The one-off Test, the All Blacks' first in the Pacific islands, is in Apia and the contrast couldn't be greater. Most obviously, a snow storm struck Chicago when the All Blacks trained at the 62,000-seat Soldier Field a day before kick-off. Two days out from another historic Test, at 8000-seat Apia Park, the mercury is topping 30C and the humidity is stifling. But the difference between the two games runs fundamentally deeper.

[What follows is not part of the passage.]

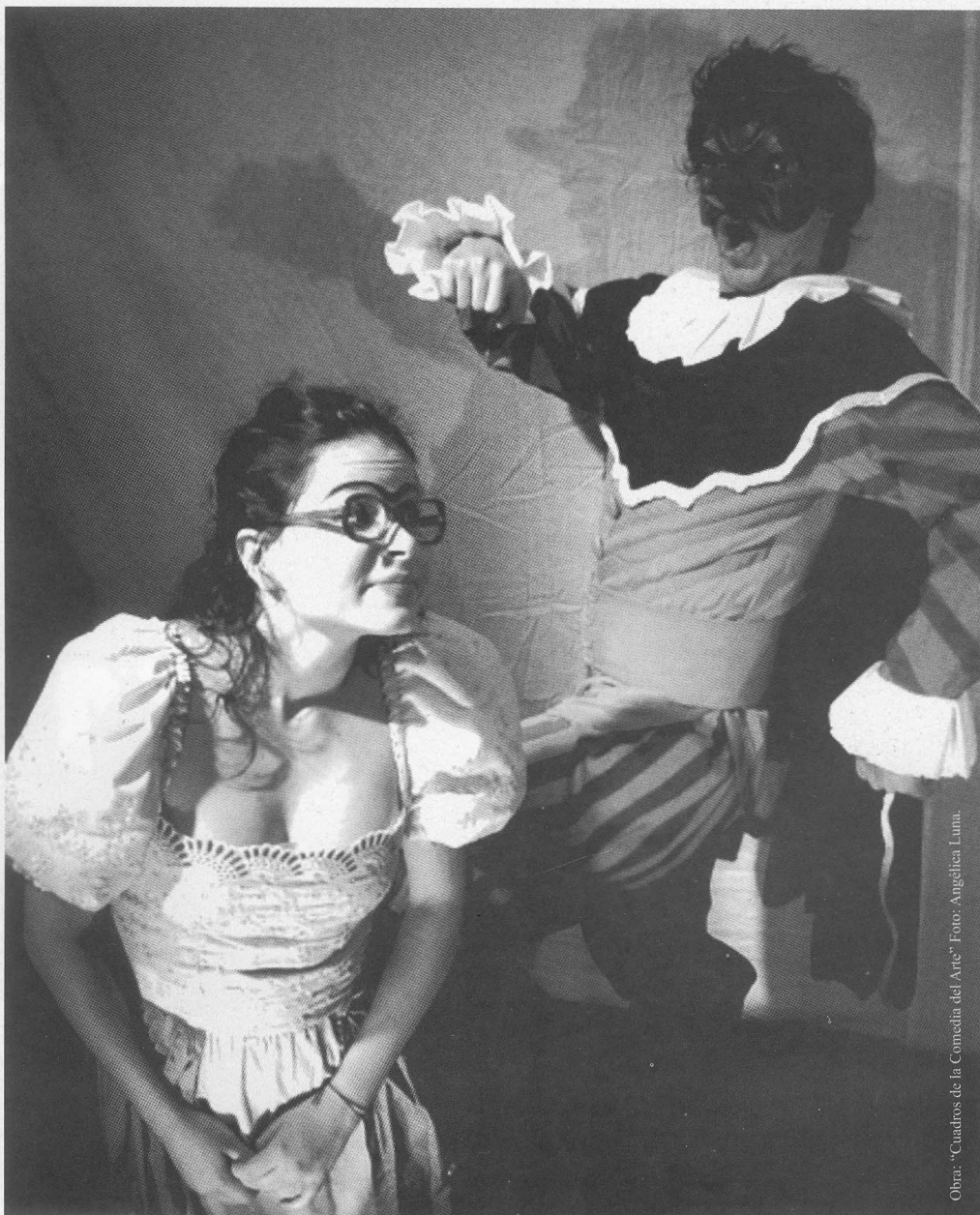
Obra: "Cuadros de la Comedia del Arte"

USA was a money spinner; the stated aim was to spread the gospel in a developing rugby nation but the reality was a blatant push into a lucrative market. Samoa is more about giving back. The Apia Test will barely break even for either nation, but rugby is embedded in the culture of both countries and All Blacks and countless other rugby players at all levels in New Zealand have a Samoan connection

The excitement and expectation levels in this welcoming city are palpable. Nearly everyone agrees it should have happened a long time ago.

The pace of life in the Pacific is slower than in Chicago, but there is an energy this week compared with the indifference of most US sports fans last November.

Flags of both nations decorate every street in downtown Apia. One sign reads "David versus Goliath" while another features life size cut-outs of respective captains Ofisa Treviranus and Richie McCaw. A hotel owner was desperate to know the make-up of the All Blacks team named hours earlier, while a visitor who flew in from Sydney expressed anguish when she learned that Malakai Fekitoa wouldn't be in New Zealand's backline.

Samoa lock Kane Thompson reckons the game has a different feel to any of his 31 Tests since 2007.

"It's a special sort of aura around this game, a little bit more than most," he told NZ Newswire. "Just having the No.1 team in the world come to Apia to play the Manu is great. There's a special link between us and the people are really keen to see the All Blacks here - in the flesh, at last."